TO DO: Among the lines below, the one containing "露。 钟卫表示,自然堂深度参与了这两个综艺节目,还做了许多后期二创,核心产 ..." opens the range and the one containing "当日,江苏省泰州市姜堰区溱湖" closes it. Print that range exactly, without the pictures.

RECORDS SUPPLIED:
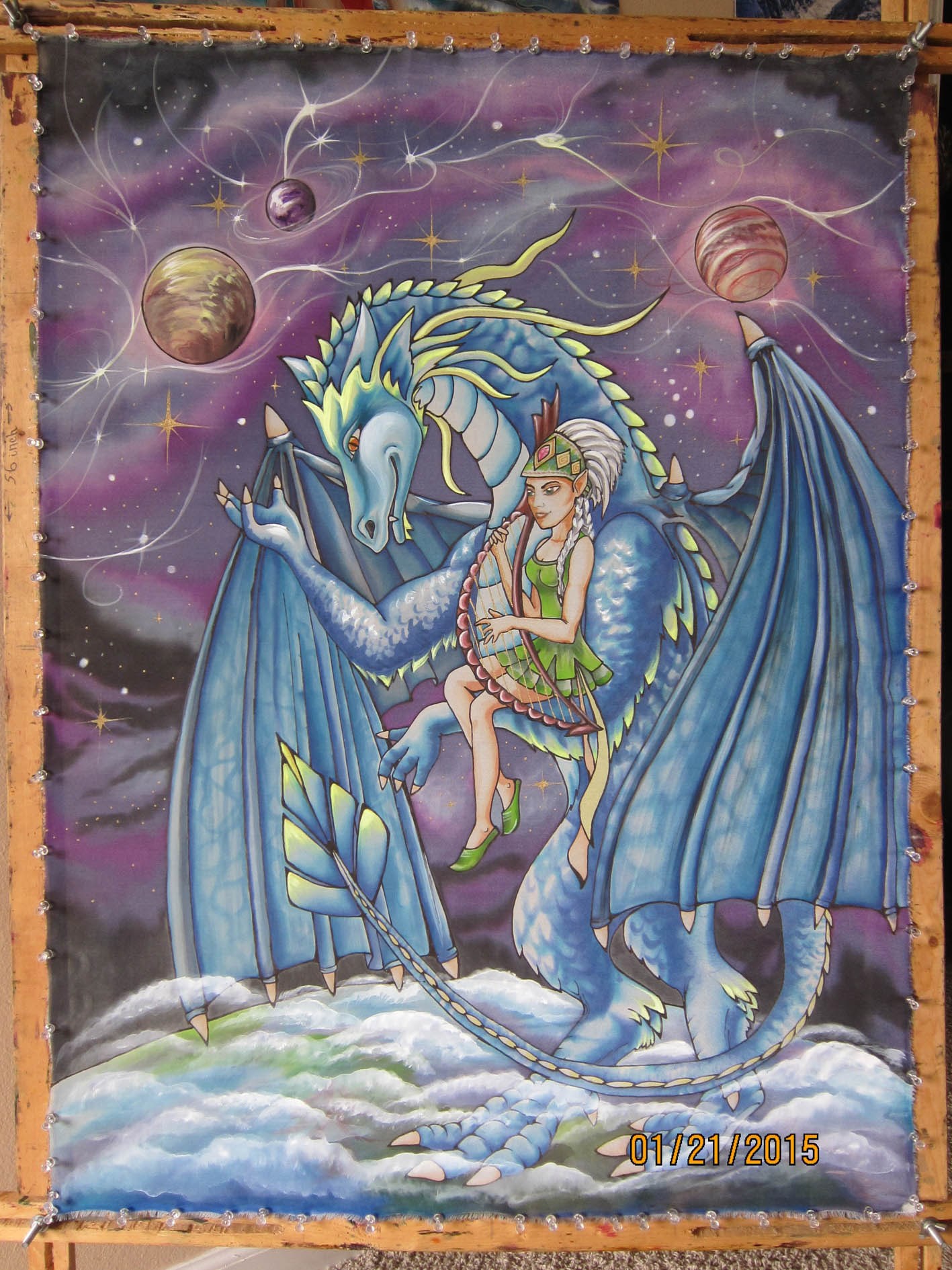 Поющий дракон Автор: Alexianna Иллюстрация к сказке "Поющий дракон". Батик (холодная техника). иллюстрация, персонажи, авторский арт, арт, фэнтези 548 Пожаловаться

==

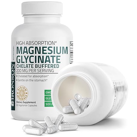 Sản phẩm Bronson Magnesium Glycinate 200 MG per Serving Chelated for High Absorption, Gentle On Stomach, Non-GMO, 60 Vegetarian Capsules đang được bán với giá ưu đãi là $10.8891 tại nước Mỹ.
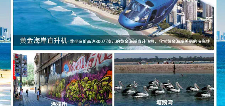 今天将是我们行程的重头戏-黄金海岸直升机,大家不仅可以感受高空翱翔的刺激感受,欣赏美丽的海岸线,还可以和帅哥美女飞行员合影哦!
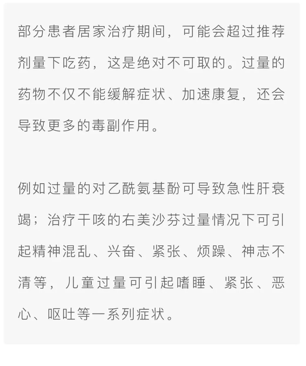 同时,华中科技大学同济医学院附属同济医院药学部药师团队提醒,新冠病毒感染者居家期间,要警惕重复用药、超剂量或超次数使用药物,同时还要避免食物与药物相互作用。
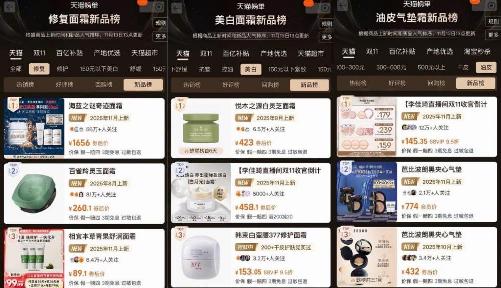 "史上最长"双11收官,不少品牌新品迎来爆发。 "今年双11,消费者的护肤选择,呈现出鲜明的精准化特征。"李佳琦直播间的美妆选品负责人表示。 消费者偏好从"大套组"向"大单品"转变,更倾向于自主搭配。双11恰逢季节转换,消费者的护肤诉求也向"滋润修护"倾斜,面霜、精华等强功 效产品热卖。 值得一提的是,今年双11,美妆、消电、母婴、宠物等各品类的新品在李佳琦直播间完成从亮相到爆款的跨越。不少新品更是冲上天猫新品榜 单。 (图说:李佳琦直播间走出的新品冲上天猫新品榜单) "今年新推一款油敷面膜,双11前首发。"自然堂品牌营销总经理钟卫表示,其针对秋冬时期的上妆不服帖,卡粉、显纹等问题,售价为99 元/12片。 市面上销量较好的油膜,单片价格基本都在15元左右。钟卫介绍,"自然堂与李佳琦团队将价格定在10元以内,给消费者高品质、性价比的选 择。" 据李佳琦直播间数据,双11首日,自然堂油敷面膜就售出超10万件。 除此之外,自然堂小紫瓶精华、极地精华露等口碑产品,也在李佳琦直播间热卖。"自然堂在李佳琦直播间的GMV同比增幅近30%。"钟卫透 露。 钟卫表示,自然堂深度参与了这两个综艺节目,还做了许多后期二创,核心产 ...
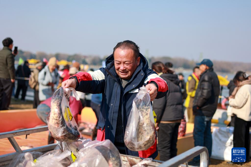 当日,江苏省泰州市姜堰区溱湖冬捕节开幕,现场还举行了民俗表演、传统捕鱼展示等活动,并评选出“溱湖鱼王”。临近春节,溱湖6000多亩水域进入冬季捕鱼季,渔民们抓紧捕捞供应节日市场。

* * *

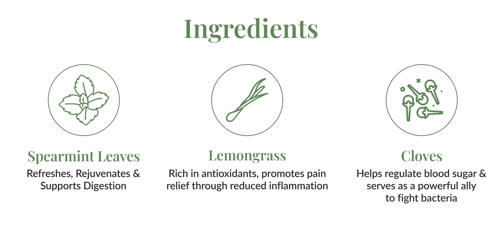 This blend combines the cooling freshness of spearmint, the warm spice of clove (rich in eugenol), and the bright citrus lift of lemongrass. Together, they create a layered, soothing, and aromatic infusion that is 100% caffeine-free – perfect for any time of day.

TASK OUTPUT:
 "史上最长"双11收官,不少品牌新品迎来爆发。 "今年双11,消费者的护肤选择,呈现出鲜明的精准化特征。"李佳琦直播间的美妆选品负责人表示。 消费者偏好从"大套组"向"大单品"转变,更倾向于自主搭配。双11恰逢季节转换,消费者的护肤诉求也向"滋润修护"倾斜,面霜、精华等强功 效产品热卖。 值得一提的是,今年双11,美妆、消电、母婴、宠物等各品类的新品在李佳琦直播间完成从亮相到爆款的跨越。不少新品更是冲上天猫新品榜 单。 (图说:李佳琦直播间走出的新品冲上天猫新品榜单) "今年新推一款油敷面膜,双11前首发。"自然堂品牌营销总经理钟卫表示,其针对秋冬时期的上妆不服帖,卡粉、显纹等问题,售价为99 元/12片。 市面上销量较好的油膜,单片价格基本都在15元左右。钟卫介绍,"自然堂与李佳琦团队将价格定在10元以内,给消费者高品质、性价比的选 择。" 据李佳琦直播间数据,双11首日,自然堂油敷面膜就售出超10万件。 除此之外,自然堂小紫瓶精华、极地精华露等口碑产品,也在李佳琦直播间热卖。"自然堂在李佳琦直播间的GMV同比增幅近30%。"钟卫透 露。 钟卫表示,自然堂深度参与了这两个综艺节目,还做了许多后期二创,核心产 ...
 当日,江苏省泰州市姜堰区溱湖冬捕节开幕,现场还举行了民俗表演、传统捕鱼展示等活动,并评选出“溱湖鱼王”。临近春节,溱湖6000多亩水域进入冬季捕鱼季,渔民们抓紧捕捞供应节日市场。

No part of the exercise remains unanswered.